Johannes Leertouwer was born in the Dutch city of Groningen. He started playing the violin at an early age. He studied violin with Bouw Lemkes in Amsterdam and with Joseph Suk in Vienna and Prague. In 1989 he was appointed professor of violin at the Conservatory of Amsterdam as a successor to his own teacher.
He worked as a concertmaster and soloist with a number of leading period instruments ensembles and orchestras. His work as a concertmaster and coach led him to conducting. He received lessons from Jorma Panula and David Procelijn.
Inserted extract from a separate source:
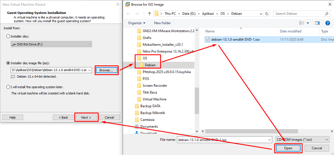 ISO Image : arahkan ke folder file ISO yang telah kalian download

After conducting the National Youth String Orchestra for over 10 years, he appeared as a guest conductor with many National and International ensembles and orchestra’s before accepting a position as chief conductor and artistic leader of the ‘Nieuwe Philharmonie Utrecht’ (www.NPhU.nl) in 2009. With this orchestra, he has played and conducted a wide range of repertoire, from its debut program in 2009 with Ravel and Stravinsky to annual tours with Händel’s Messiah and Bach’s Matthew Passion, receiving high praise in the press. Leertouwer received a doctorate at Leiden University in January 2023 for his research into the historical performance practice of Brahms’s orchestral music in 2023. Over the course of his four-year research project, he recorded Brahms’s complete symphonies and concertos on period instruments. The recordings were based on his extensive research, and he made them and a number of documentary films about the project as well as his doctoral thesis available on a special website. (brahms.johannesleertouwer.nl)
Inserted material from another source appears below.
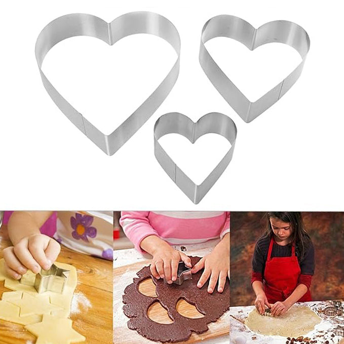 This 3-piece heart cake cutting ring set is perfect for shaping small cakes and desserts with ease. Made from durable material, the rings help create neat, uniform heart designs for special occasions. Ideal for baking, layering, or molding, they add a lovely touch to homemade treats.

In 2022 Leertouwer accepted a professorship at Seoul National University in South-Korea, where he now teaches Historically Informed Performance Practice. He combines this position with his work with The Nieuwe Philharmonie Utrecht. After having held the position of chief- conductor of the orchestra class of the Conservatory of Amsterdam for eight years, he was appointed regular guest conductor at the CvA in 2023.